Last week something strange happened to me. After eating loads of Wasabi and Chili, I woke up the next day without any taste from my tongue.
I realized while having my breakfast because the chocolate syrup didn't taste as sweet as usual. It still took some time until I fully recognized my loss of taste.
So if you ever wondered how chocolate tastes when you can't taste, I can tell you it's boring. And because I lost all my other taste senses, it didn't taste bitter either, just like an tasteless paste.
The good part about chocolate is that it has a very good smell, so smelling it makes you remember what it tastes like, so you imagine the taste. This does not work with salt for example. I tried a little bit with the tip of my tongue. Normally it's quite intense when tasted pure, but for me it had less taste than a few grains of sand.
For lunch I had salad with many ingredients. Again, I know what most things taste like, so I imagined the taste and really thought I had little bit of my sensuality back. But I rather blame my memory for that, again.
The evening was even worse. I had potato wedges with tomato ketchup. If I didn't know ketchup before, I would be wondering why people love this viscid cream so much. At least it had a slightly sour taste when swallowing. And that taste came from my palate. I didn't know you can taste with the roof of your mouth... but it's true.

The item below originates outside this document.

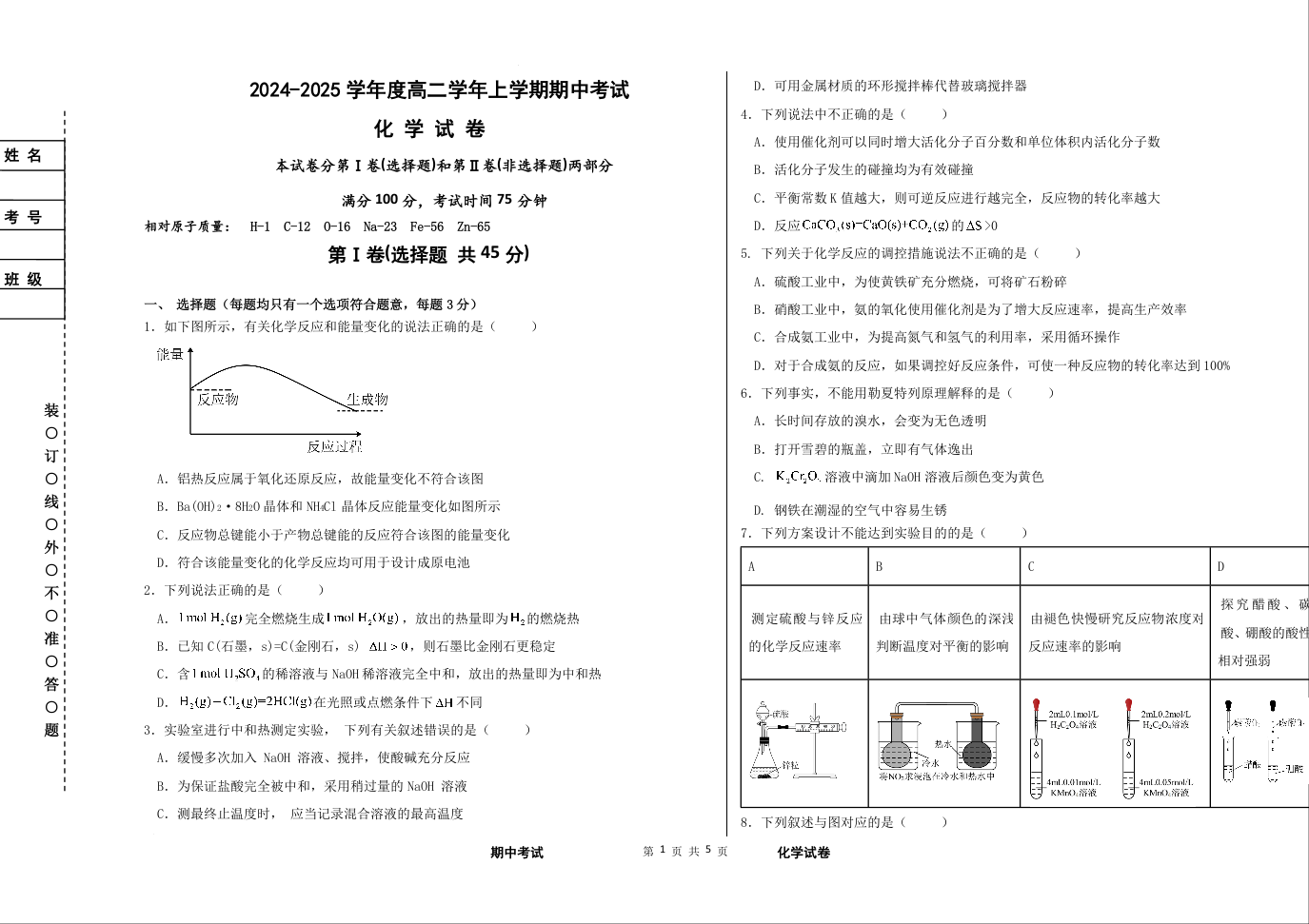 黑龙江省富锦市部分学校2024—2025学年度高二学年上学期期中考试化学

I better skip the part about how beer tastes without a taste, and even water tastes horrible without any sense of taste. Yeah, not tasting has some kind of anti-taste. Probably water has some taste that cancels out this anti-taste to taste neutral... who knows.
Luckily, the next day I slowly regained all my senses and now this temporal disability has vanished. But it left some great impressions on me and I want to summarize those for you:
- You judge a lot about food by it's smell and your imagination about how it could taste.
- You only fully realize how wonderful the sense of taste can be when you lose it
- Never eat too much of Wasabi unless you intend to have the same experience I had :-)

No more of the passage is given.